I am trying to perform a co-integration test on two stocks, using data from Yahoo Finance. From what I have been reading there are less complicated ways to retrieve Yahoo data. I need to retrieve two securities and define them as stk1
and stk2
as well as be able to adjust the time frame of the data retrieved. Here is what I have so far.
library(zoo)
library(tseries)
# Read the CSV files into data frames
stk1 <- read.csv("http://ichart.finance.yahoo.com/table.csv?s=CAT&a=8&b=1&c=2009&d=12&e=31&f=2010&g=d&ignore=.csv", stringsAsFactors=F)
stk2 <- read.csv("http://ichart.finance.yahoo.com/table.csv?s=DD&a=8&b=1&c=2009&d=12&e=31&f=2010&g=d&ignore=.csv", stringsAsFactors=F)
# The first column contains dates. as.Date converts strings into Date objects
stk1_dates <- as.Date(stk1[,1])
stk2_dates <- as.Date(stk2[,1])
# The seventh column contains the adjusted close. We use the zoo function to
# create zoo objects from that data. The function takes two arguments: a
# vector of data and a vector of dates.
stk1 <- zoo(stk1[,7], stk1_dates)
stk2 <- zoo(stk2[,7], stk2_dates)
# The merge function combines two (or more) zoo objects,
# computing either their intersection (all=FALSE) or union (all=TRUE).
t.zoo <- merge(stk1, stk2, all=FALSE)
# At this point, t.zoo is a zoo object with two columns: stk1 and stk2.

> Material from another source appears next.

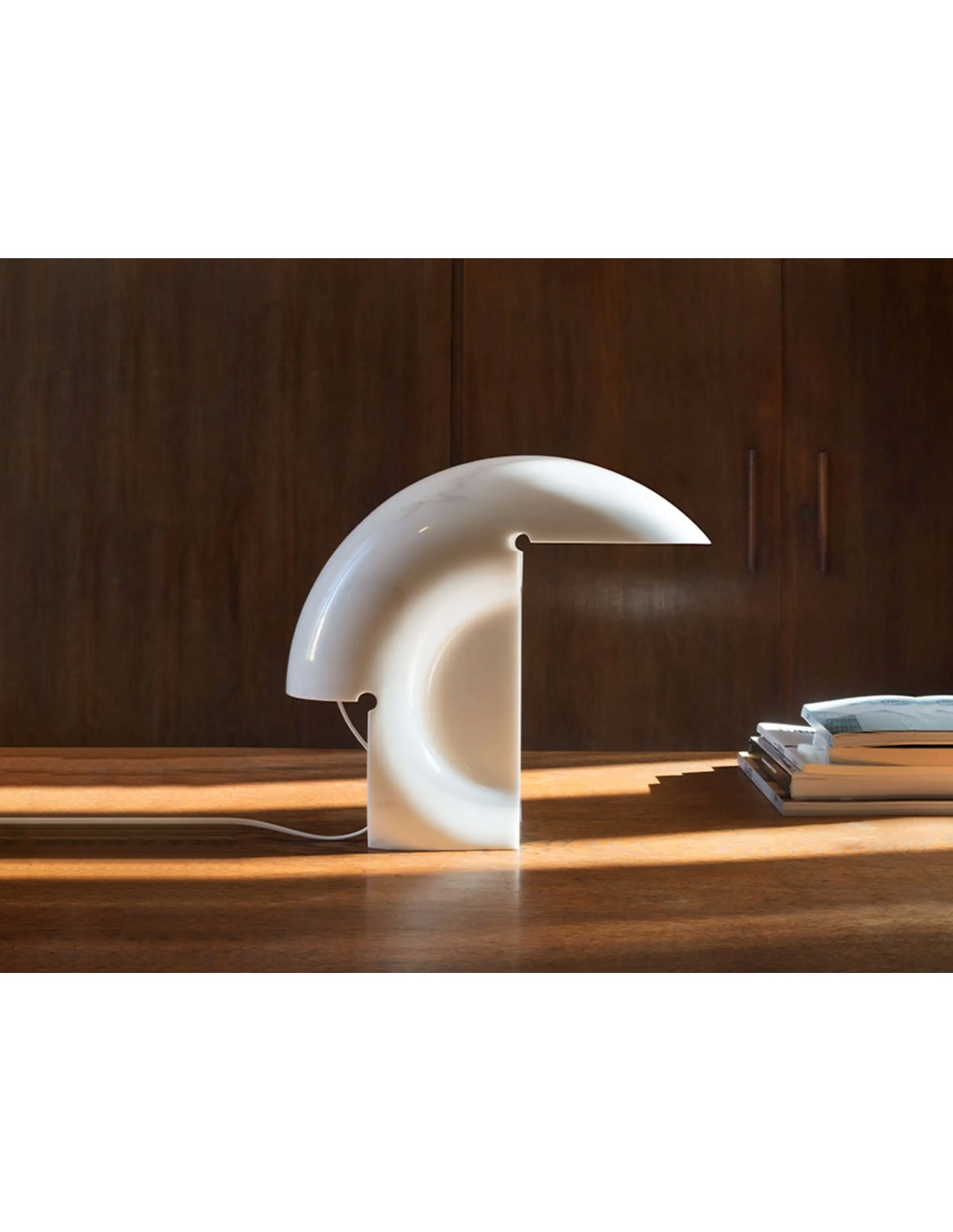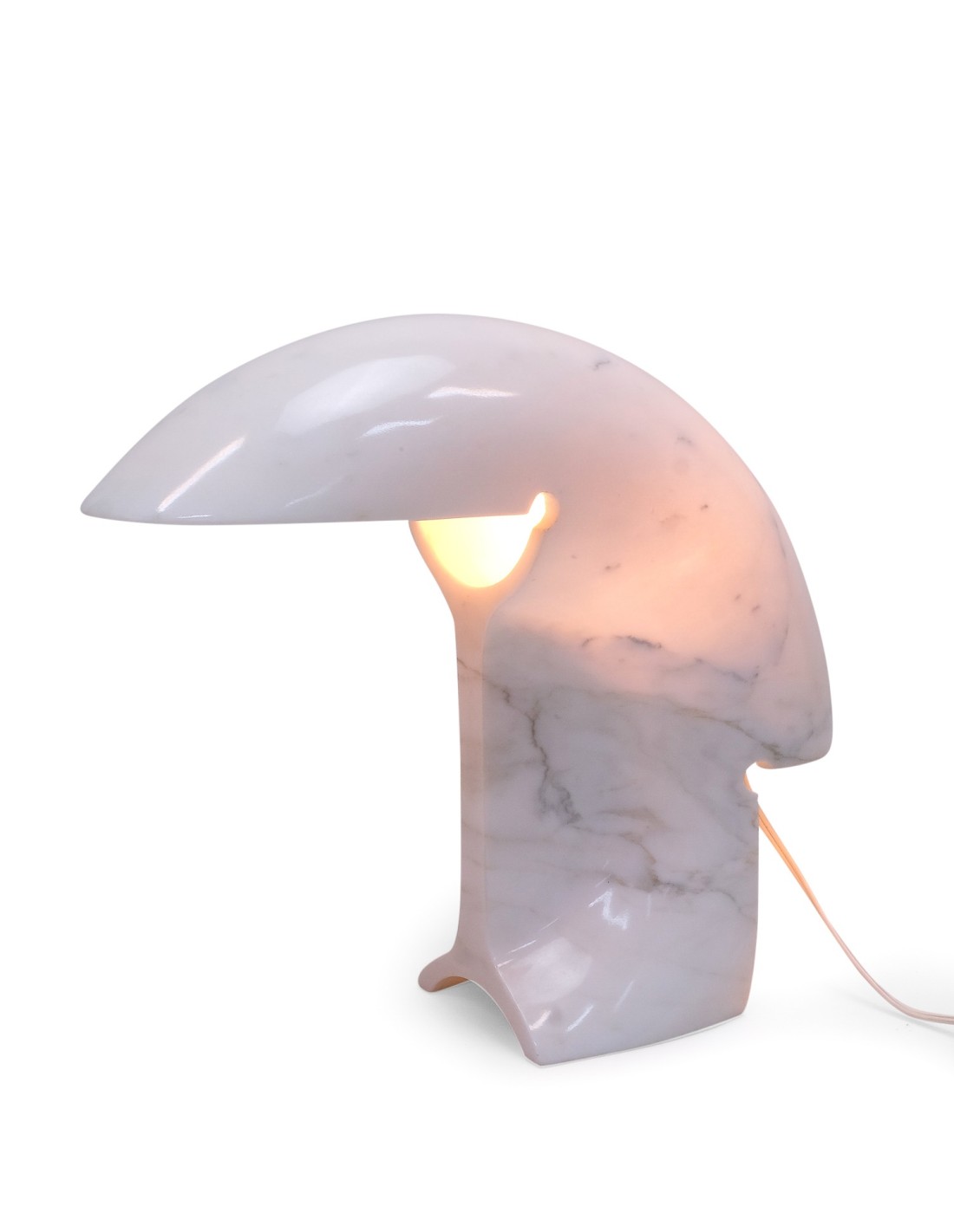 Essendo realizzata in marmo naturale di Carrara, ogni Biagio Flos possiede venature e sfumature irripetibili. La maestria di Tobia Scarpa sta nell'aver saputo domare la pietra per creare una forma che sembra quasi morbida, nonostante la sua natura massiccia. La base e il diffusore si fondono in un'unica geometria architettonica che rende questa lampada un investimento estetico destinato a non passare mai di moda.

# Most statistical functions expect a data frame for input, so we convert.
t <- as.data.frame(t.zoo)
# Tell the user what dates are spanned by the data.
cat("Date range is", format(start(t.zoo)), "to", format(end(t.zoo)), "\n")
m <- lm(stk1 ~ stk2 + 0, data=t)
beta <- coef(m)[1]
cat("Assumed hedge ratio is", beta, "\n")
sprd <- t$stk1 - beta*t$stk2
ht <- adf.test(sprd, alternative="stationary", k=0)
cat("ADF p-value is", ht$p.value, "\n")
if (ht$p.value < 0.05) {
cat("The spread is likely mean-reverting\n")
} else {
cat("The spread is not mean-reverting.\n")
}
What tools exist to make this easier and/or more robust?